> _Problem requirements_
When you reach the line containing "separate Küche mit" in the data below, begin returning lines exactly as written, and stop once the line containing "Made with organic" has been returned.

> _Supplied information_
▶

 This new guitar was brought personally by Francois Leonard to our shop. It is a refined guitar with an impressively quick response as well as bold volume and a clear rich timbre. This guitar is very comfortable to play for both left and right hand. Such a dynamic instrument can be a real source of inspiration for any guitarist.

◀
▶

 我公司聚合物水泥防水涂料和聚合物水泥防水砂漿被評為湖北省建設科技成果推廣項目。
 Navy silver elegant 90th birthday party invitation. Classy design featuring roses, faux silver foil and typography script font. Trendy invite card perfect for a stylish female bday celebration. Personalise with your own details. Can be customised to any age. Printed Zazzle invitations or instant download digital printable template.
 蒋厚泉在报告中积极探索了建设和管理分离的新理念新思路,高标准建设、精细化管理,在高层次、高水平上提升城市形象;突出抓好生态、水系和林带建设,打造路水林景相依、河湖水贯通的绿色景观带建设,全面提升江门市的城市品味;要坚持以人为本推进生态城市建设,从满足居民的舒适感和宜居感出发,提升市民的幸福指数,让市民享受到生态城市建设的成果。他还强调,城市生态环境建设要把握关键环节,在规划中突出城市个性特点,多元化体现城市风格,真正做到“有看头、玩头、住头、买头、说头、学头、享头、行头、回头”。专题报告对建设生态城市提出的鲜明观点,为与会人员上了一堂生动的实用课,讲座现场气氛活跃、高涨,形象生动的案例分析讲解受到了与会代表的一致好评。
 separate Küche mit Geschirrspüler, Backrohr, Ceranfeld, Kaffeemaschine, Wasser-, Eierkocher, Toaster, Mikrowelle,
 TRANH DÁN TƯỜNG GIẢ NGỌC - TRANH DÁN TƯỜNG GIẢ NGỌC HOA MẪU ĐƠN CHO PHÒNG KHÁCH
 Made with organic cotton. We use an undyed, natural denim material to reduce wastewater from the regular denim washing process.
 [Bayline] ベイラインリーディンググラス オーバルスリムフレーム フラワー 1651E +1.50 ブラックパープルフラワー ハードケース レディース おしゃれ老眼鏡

◀
▶

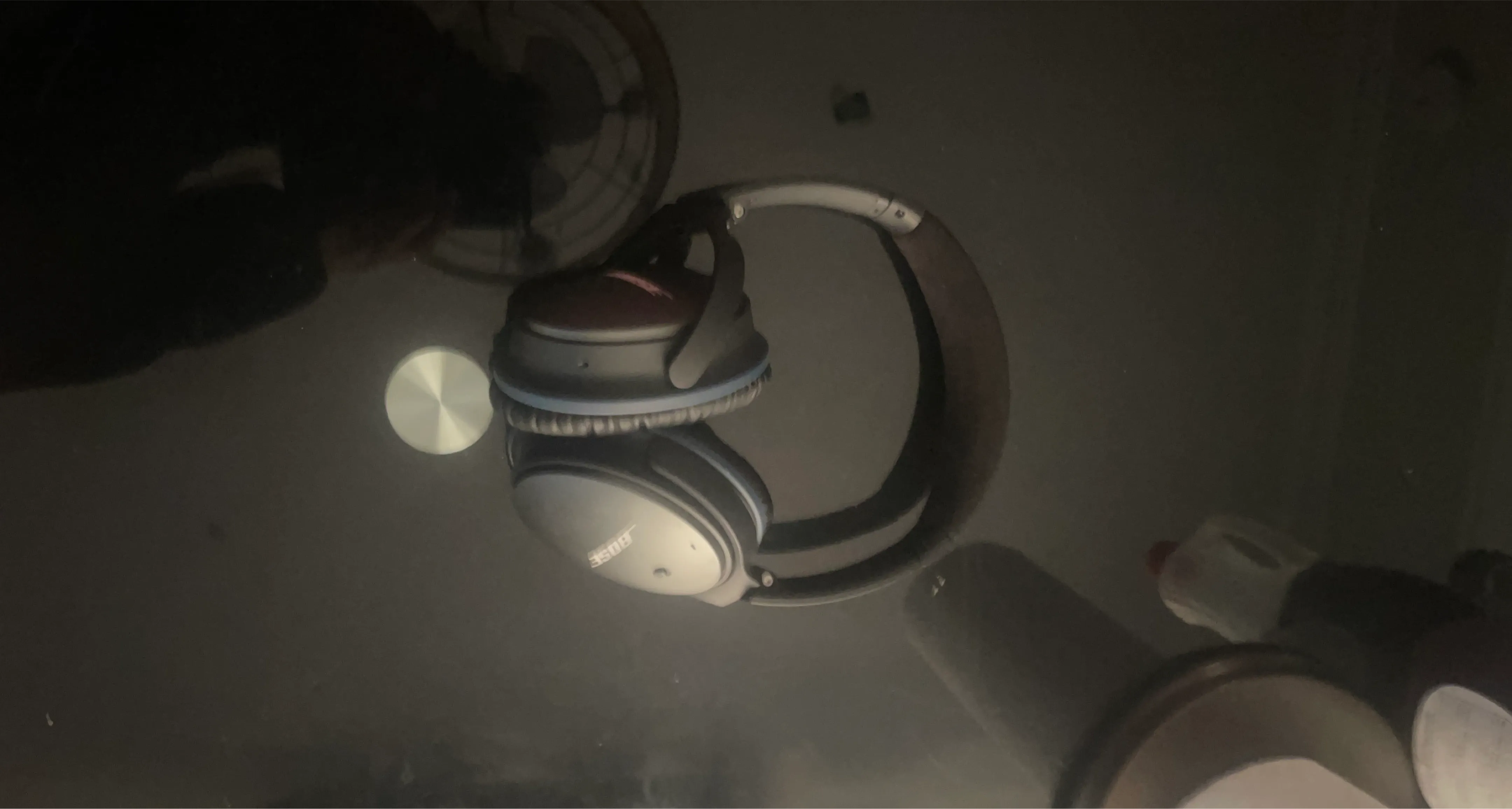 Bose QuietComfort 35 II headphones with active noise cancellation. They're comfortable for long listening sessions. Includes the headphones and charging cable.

◀

> _Problem solution_
 separate Küche mit Geschirrspüler, Backrohr, Ceranfeld, Kaffeemaschine, Wasser-, Eierkocher, Toaster, Mikrowelle,
 TRANH DÁN TƯỜNG GIẢ NGỌC - TRANH DÁN TƯỜNG GIẢ NGỌC HOA MẪU ĐƠN CHO PHÒNG KHÁCH
 Made with organic cotton. We use an undyed, natural denim material to reduce wastewater from the regular denim washing process.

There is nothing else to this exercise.